Anderson's Cross is a 2010 comedy-drama film written and directed by Jerome Elston Scott, who also stars in the film, as his first writing and directing project. Production for the movie began in 2003 and the movie had its world premiere on May 20, 2010, when it was given a limited theatrical release. It stars Elston Scott, Nicholas Downs, and Heather Bergdahl as three best friends whose evolving relationships cause tension in their senior year of high school.  The film was released on DVD November 22, 2010.

Premise
Nick (Jerome Elston Scott), Kevin (Nicholas Downs) and Tracy (Heather Bergdahl) are all the best of friends and are seemingly inseparable. They've spent most of their lives together and are so close that Kevin and Tracy (who are a couple) even allow Nick to watch while they have sex. This works out well until Nick meets Trevor (Micah Stuart) and begins questioning his own sexuality, as he's very attracted to Trevor. Things are made more tense by the fact that the three friends are in their senior year of high school and are rapidly approaching adulthood.

Cast 
 Michael Warren as Mr. Anderson
 Joanna Cassidy as Mrs. McCarthy
 Joyce Guy as Mrs. Anderson
 Jerome Elston Scott as Nick Anderson
 Nicholas Downs as Kevin Daniels
 Heather Bergdahl as Tracy Green
 Bill Moseley as Mr. Daniels
 Micah Stuart as Trevor
 Art Evans as Grandfather
 Ryan Carnes as David
 Taran Killam as Austin Wilson
 Alan Blumenfeld as George Green
 Mary Jo Catlett as Mrs. Elway
 James Snyder as Ben Carter
 Ryan Carnes as David
 Jack Donner as Dr. Landry
 Kimmy Robertson as Teacher #1
 Rocky Marquette as Shawn Jenkins
 Brad Yoder as Detective Marshall
 Josh Wells as Peter Anson

Production
Jerome Elston Scott used the services of casting director Mark Sikes, and related that throughout the filmmaking process, the greatest challenge was financing. In 2003, their official website offered that Kenneth "Tennessee" England was to direct and that casting was not yet announced.
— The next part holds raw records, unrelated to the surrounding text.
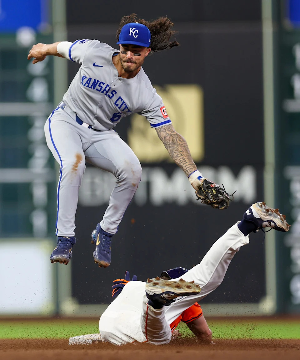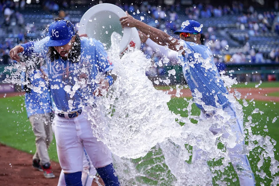April 10: The Kansas City Royals’ Jonathan India is doused by teammates MJ Melendez and Bobby Witt Jr. after a 3-2 win over the Minnesota Twins at Kauffman Stadium.
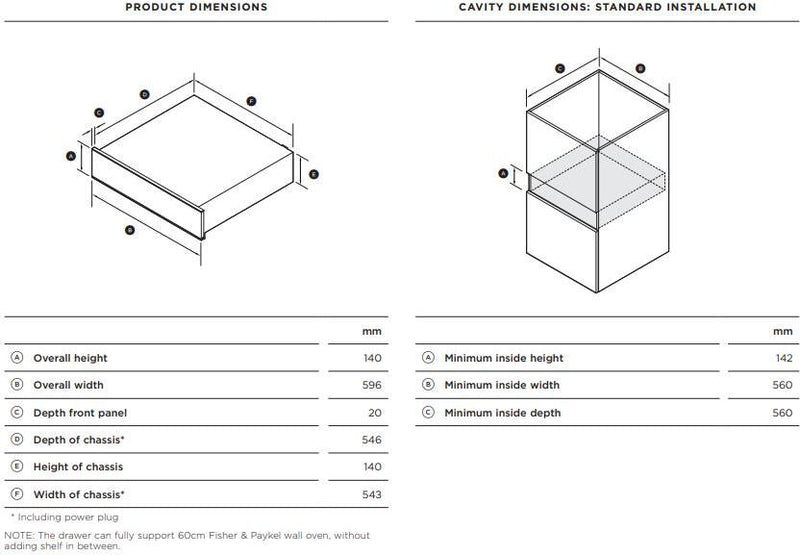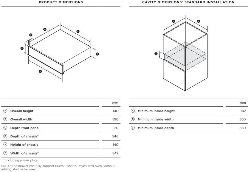 - Cavity Dimensions: (h w d): 85 x 596 x 566 mm
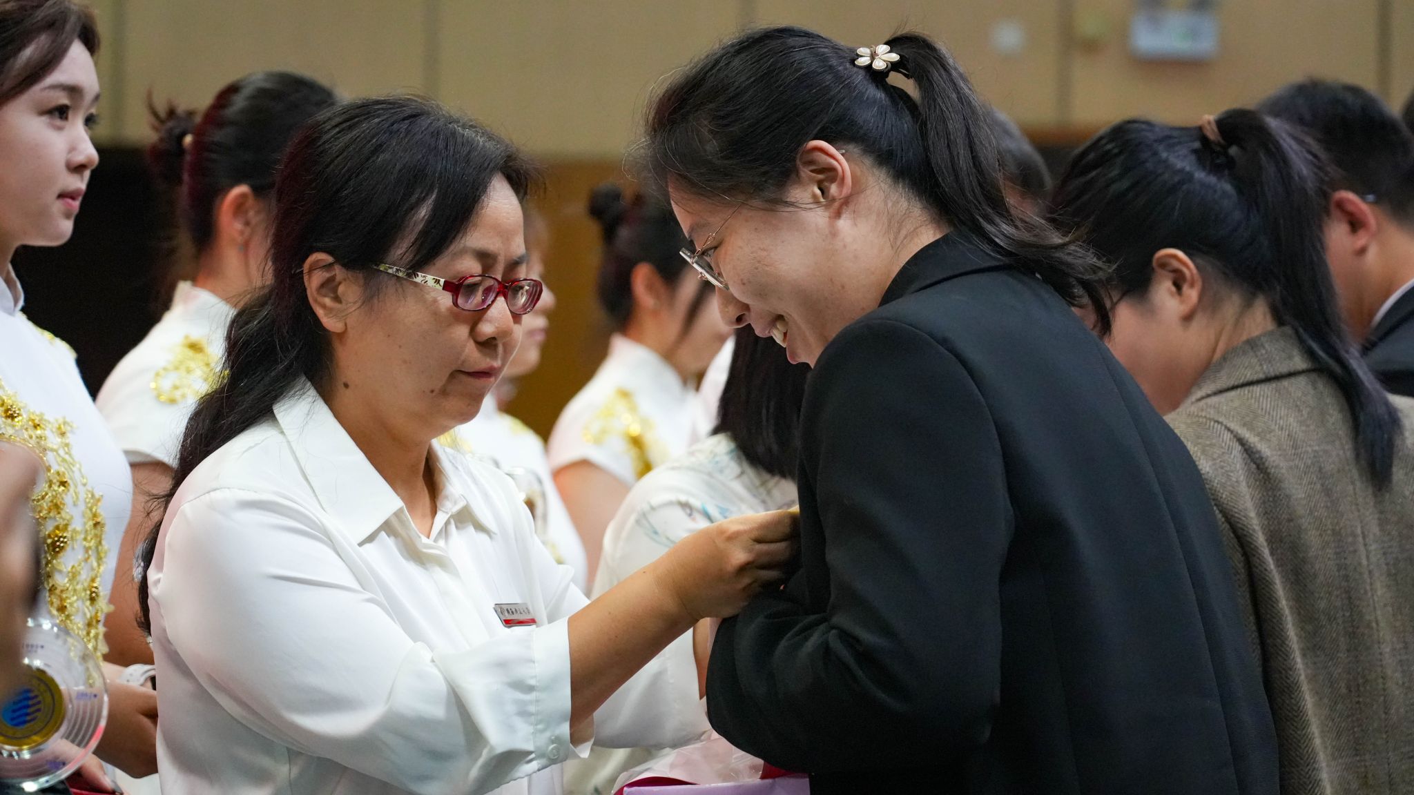 新進(jìn)教師代表為從教滿三十年教師代表送上鮮花祝福,從教滿三十年教師代表為新進(jìn)教師代表佩戴校徽。
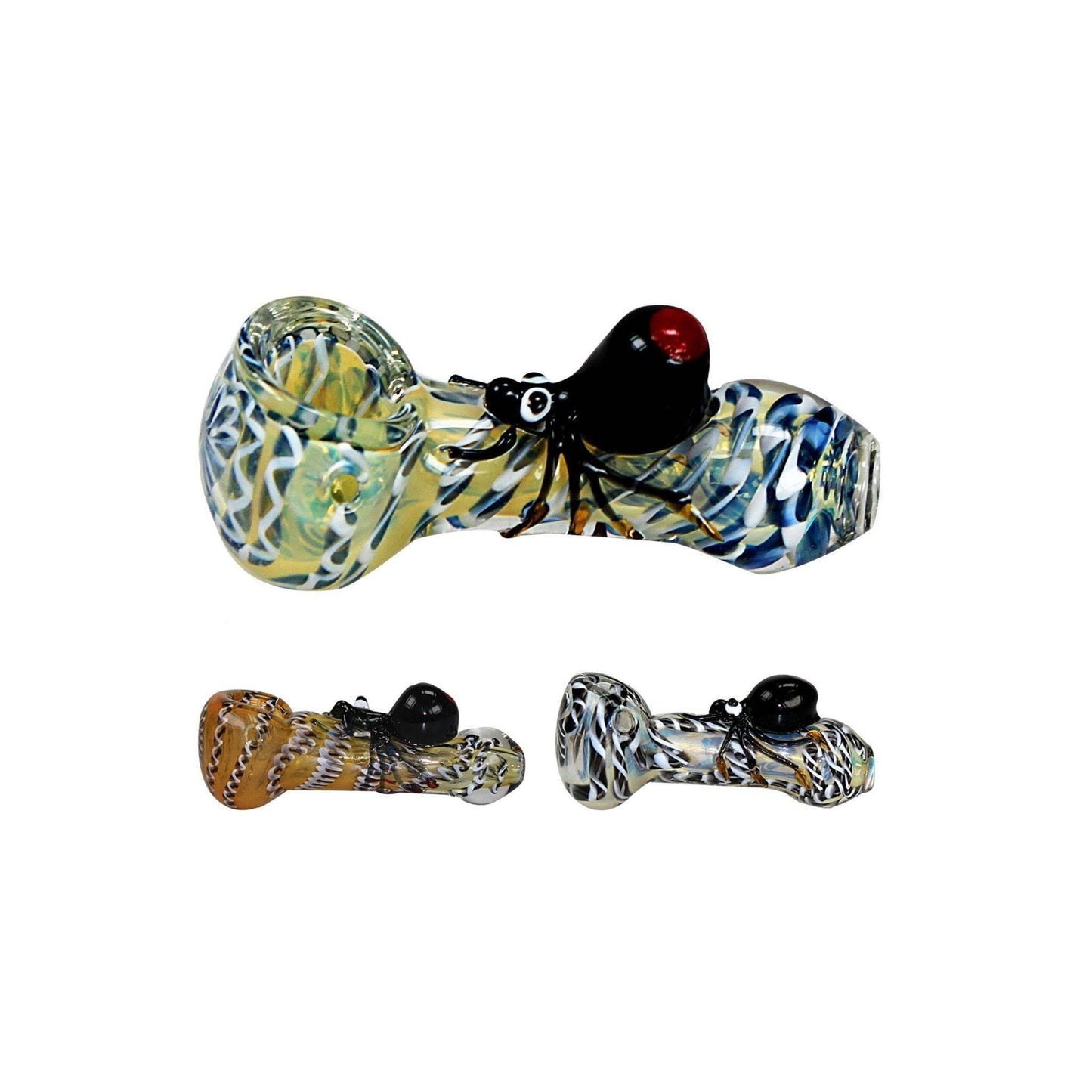 - 3G Glass pipe with a glass Spider molded above the pipe.
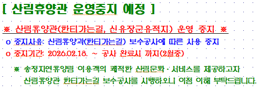 송정자연휴양림 현대화사업 공사 기간내 휴양림 이용 불편 안내
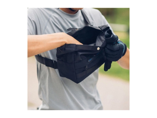 로우로우(RAWROW)와 함께 만든 라이더를 위한 힙색. 도심 속 가벼운 수납 및 가까운 거리는 스트랩을 단단하게 조정하여 더 민첩한 이동이 가능하며, 장거리 이동시에는 핸들바에 고정하여 사용 가능합니다.

By June 2007, casting was complete and a trailer had been released.  By July 2011 the film had screened at multiple film festivals and received positive response.

Reception
DVD Verdict gave a mostly positive review for Anderson's Cross, stating that while it " won't prove terribly memorable" it was overall a "small, sweet movie with a good attitude and a lot of heart",as "a solid film; not a great one, but a solid debut."  While offering "standard late teen fodder", the film includes actors whose abilities "raise the film above your average indie drama."  While Jerome Elston Scott, Nicholas Downs, and Heather Bergdahl have chemistry as a threesome, it was the "supporting cast gives the film its life."  Special note is made of the work of Michael Warren, Joanna Cassidy, and Bill Moseley. While the film itself is "fairly forgettable", the "performances are downright excellent" and the film can be recommended. The reviewer concluded, "Anderson's Cross is a small, sweet movie with a good attitude and a lot of heart. It won't prove terribly memorable, but it's a fine first feature."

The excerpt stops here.